Most mandates run by the asset manager have formal ESG investment policies, the focus in recent years has been towards the local Iceland market where direct influence and engagement carry more weight. “Overseas the focus has been on external manager policy and guidelines and there we look for international standards like UNPRI signatories,” says Gretarsson. The EU SFDR (Sustainable Finance Disclosure Regime) in Iceland has not yet been implemented locally on a wider scale and is something of a work in progress. “We expect a further development in that direction in the future” says Gretarsson.

Due Diligence: open to new managers

The manager selection process in the asset manager involves a proactive approach, where relationships are built over time. After a manager is identified, there is a three to six months due diligence process, done in house, including on and off-site analysis.

Managers are found through multiple avenues: online databases, direct approaches, external requests from third party marketers and salespeople as well as through seminars, conferences and other pipelines.

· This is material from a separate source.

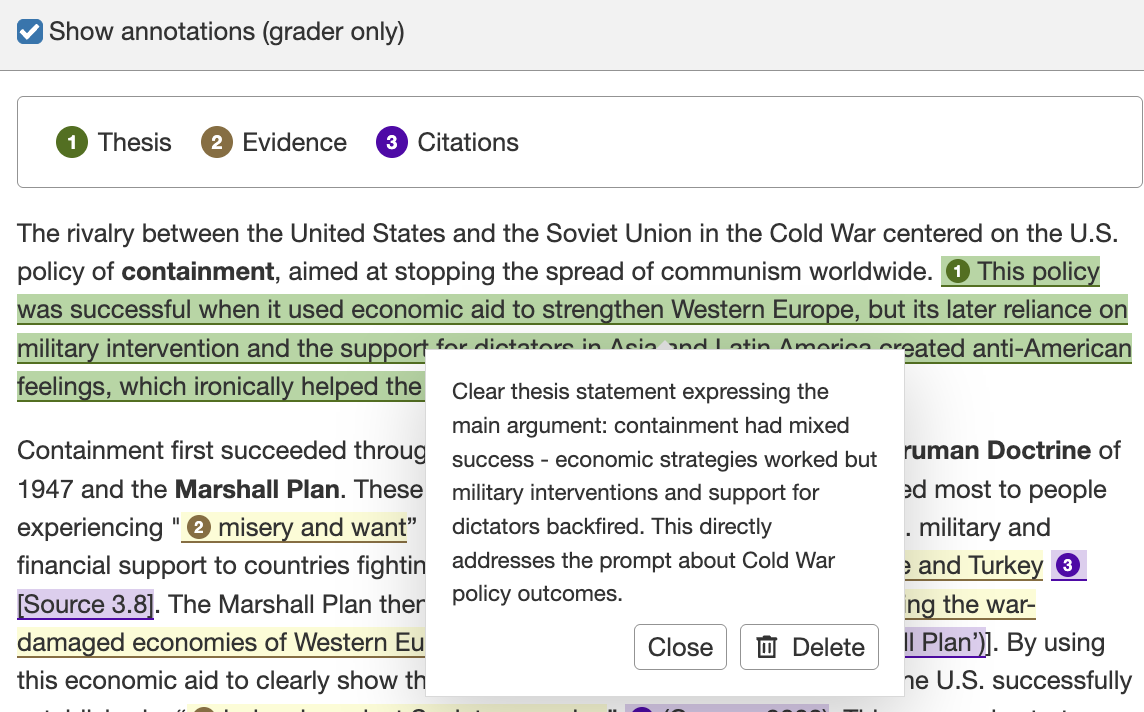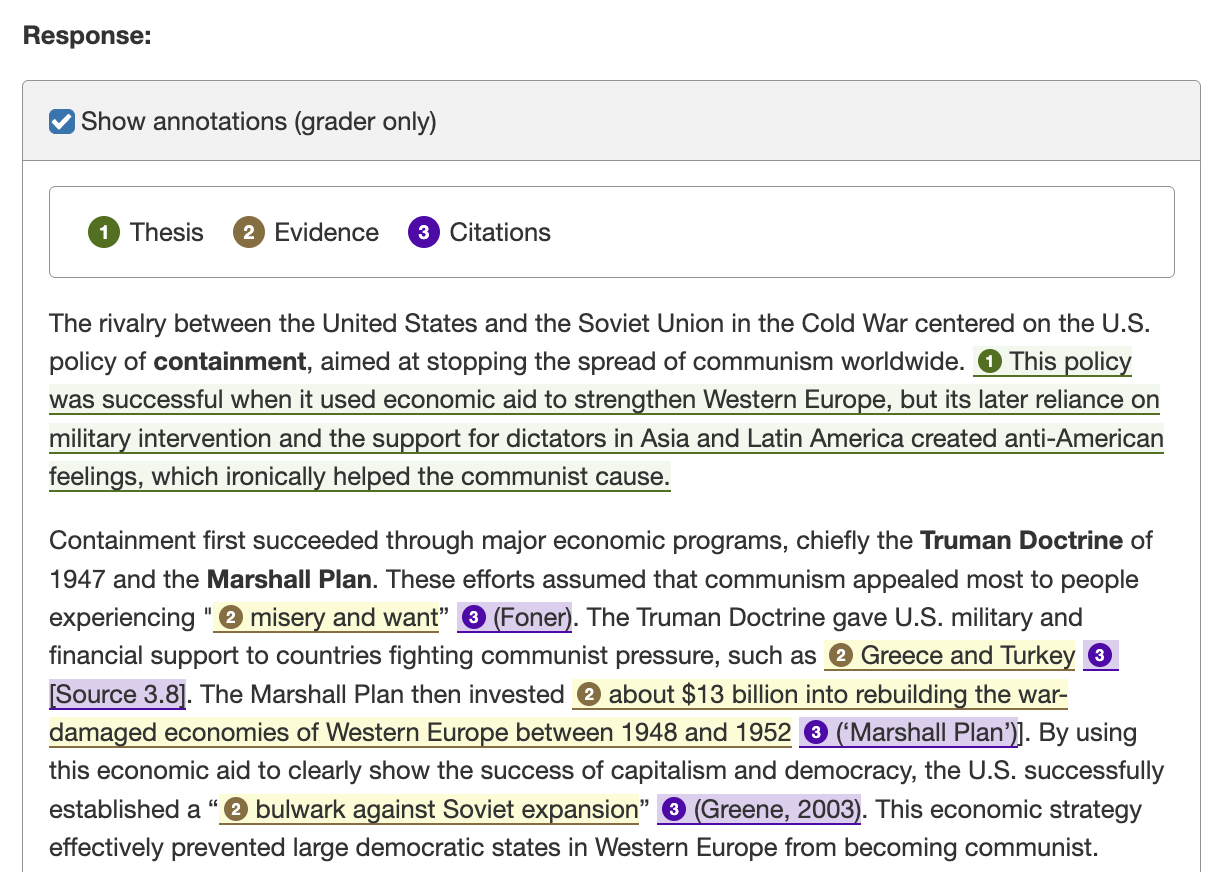 - Faster grading: Graders can immediately locate the thesis, check for relevant evidence, and confirm citations without reading the entire response or scrolling between sections of the essay.

“We like to build relationships investing with experienced external managers, but we have no fixed restrictions regarding our investment holding periods,” says Waagfjord. “Each manager is judged on a case-by-case basis as the track record, market opportunities and strategy are reviewed. The minimum length of track record and minimum required assets would depend on a range of factors such as the fund, strategy and fund management group,” explains Waagfjord. Typical approach in the asset management is to look for external managers to build a long-term relationship with intention to invest in a series of funds over a number of years.


The restrictions for most mandates are maximum 20% ratio of a fund (or 25% of a UCITS) and usually the internal guideline in the asset manager is to hold a much smaller percentage.

Fund domiciles are mainly in Ireland and Luxembourg, including Luxembourg partnership structures and there are currently no separately managed accounts.